Saved data entries:
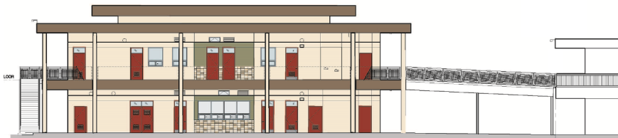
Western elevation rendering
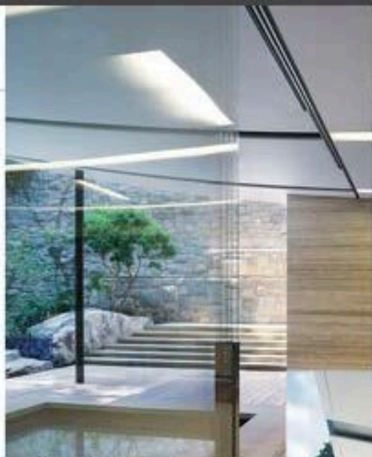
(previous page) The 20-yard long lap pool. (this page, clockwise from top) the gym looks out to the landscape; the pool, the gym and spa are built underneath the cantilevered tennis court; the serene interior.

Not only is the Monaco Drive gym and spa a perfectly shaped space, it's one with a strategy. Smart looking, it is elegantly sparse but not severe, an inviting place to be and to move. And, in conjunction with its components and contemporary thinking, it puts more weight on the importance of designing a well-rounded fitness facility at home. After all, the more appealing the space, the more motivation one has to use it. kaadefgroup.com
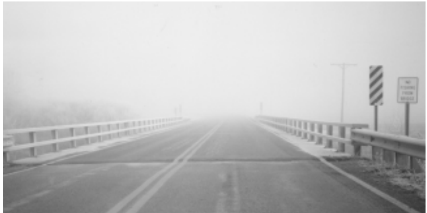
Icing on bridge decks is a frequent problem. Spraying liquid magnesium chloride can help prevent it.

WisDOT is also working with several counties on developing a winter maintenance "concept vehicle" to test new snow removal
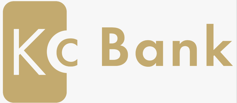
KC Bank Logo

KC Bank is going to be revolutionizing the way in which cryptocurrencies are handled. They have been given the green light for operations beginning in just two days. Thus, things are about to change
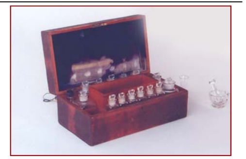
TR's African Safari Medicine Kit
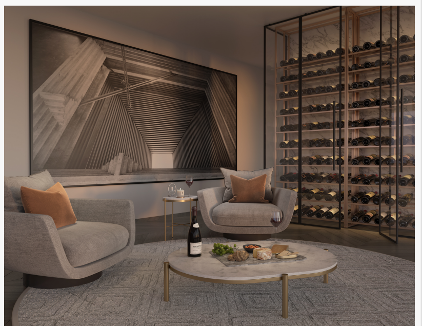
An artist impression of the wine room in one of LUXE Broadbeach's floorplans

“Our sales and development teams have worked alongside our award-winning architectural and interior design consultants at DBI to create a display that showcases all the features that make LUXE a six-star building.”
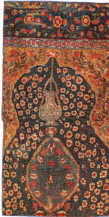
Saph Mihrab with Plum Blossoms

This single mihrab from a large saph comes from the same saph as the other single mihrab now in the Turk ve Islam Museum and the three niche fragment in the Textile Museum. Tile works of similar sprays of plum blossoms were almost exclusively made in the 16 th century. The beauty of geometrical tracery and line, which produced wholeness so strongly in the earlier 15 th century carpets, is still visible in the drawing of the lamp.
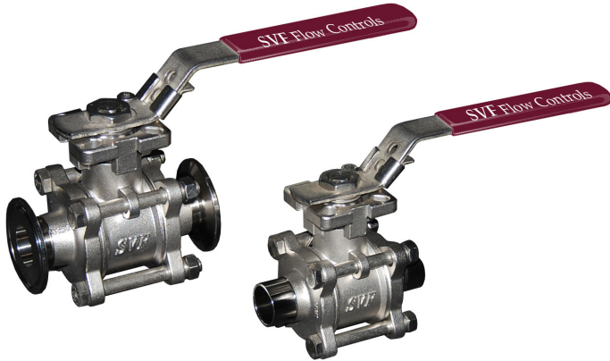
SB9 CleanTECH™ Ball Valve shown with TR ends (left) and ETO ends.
==
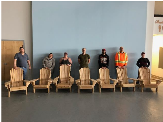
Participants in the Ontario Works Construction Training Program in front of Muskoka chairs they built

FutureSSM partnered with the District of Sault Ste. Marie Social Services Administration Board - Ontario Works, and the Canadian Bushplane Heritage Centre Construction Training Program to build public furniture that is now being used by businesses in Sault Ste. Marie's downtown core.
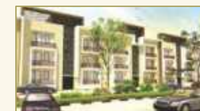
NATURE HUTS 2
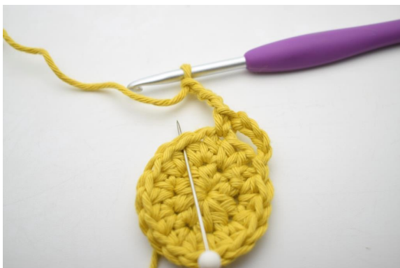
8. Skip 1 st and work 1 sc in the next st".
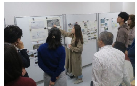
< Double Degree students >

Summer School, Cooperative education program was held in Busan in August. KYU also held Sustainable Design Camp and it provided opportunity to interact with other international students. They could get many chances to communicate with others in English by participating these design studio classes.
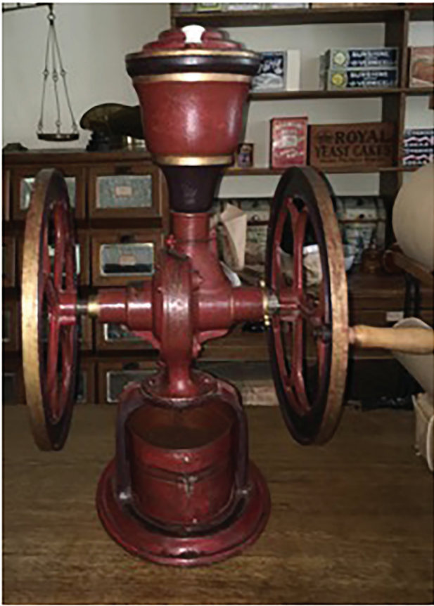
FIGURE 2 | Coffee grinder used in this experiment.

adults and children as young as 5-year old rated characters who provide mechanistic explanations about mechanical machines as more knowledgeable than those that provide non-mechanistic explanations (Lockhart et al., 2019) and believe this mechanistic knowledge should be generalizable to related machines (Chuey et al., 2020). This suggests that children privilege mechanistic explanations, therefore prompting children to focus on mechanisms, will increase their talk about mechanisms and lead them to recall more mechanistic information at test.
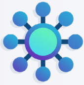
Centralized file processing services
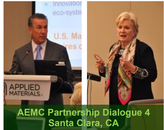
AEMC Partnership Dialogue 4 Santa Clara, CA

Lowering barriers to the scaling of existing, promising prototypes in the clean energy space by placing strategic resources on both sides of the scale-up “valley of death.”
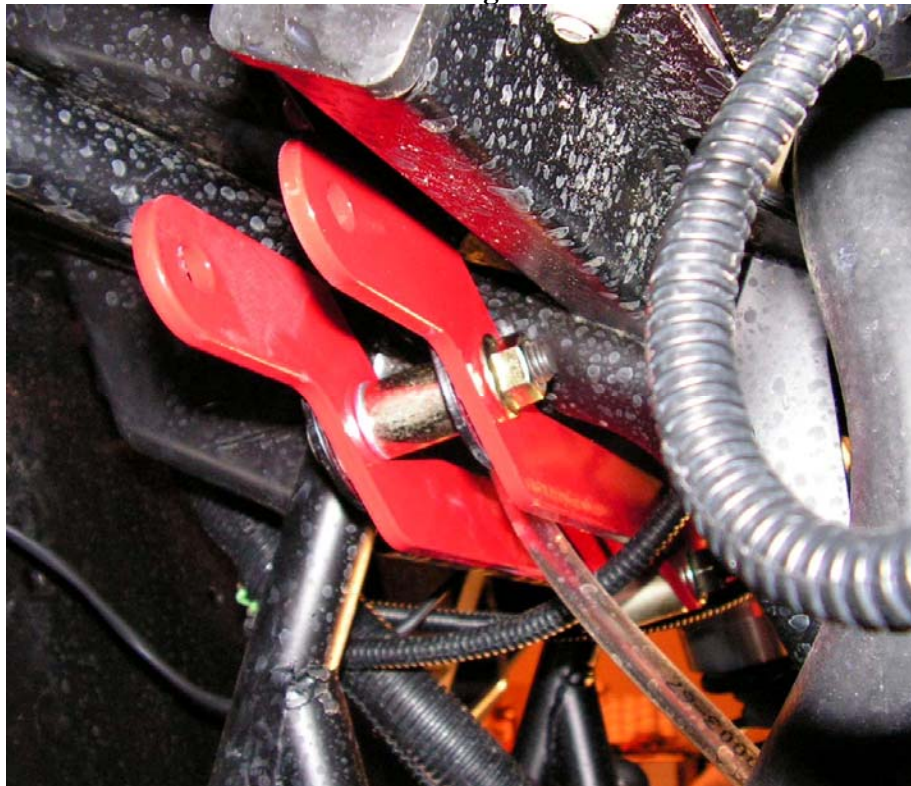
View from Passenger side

**What you have to do**
Repeat only the stretch of data above that runs from the line with "Centralized file processing services" to the line with "View from Passenger side". Keep both end lines; exclude pictures.

**Solution for this problem**
Centralized file processing services
AEMC Partnership Dialogue 4 Santa Clara, CA

Lowering barriers to the scaling of existing, promising prototypes in the clean energy space by placing strategic resources on both sides of the scale-up “valley of death.”
View from Passenger side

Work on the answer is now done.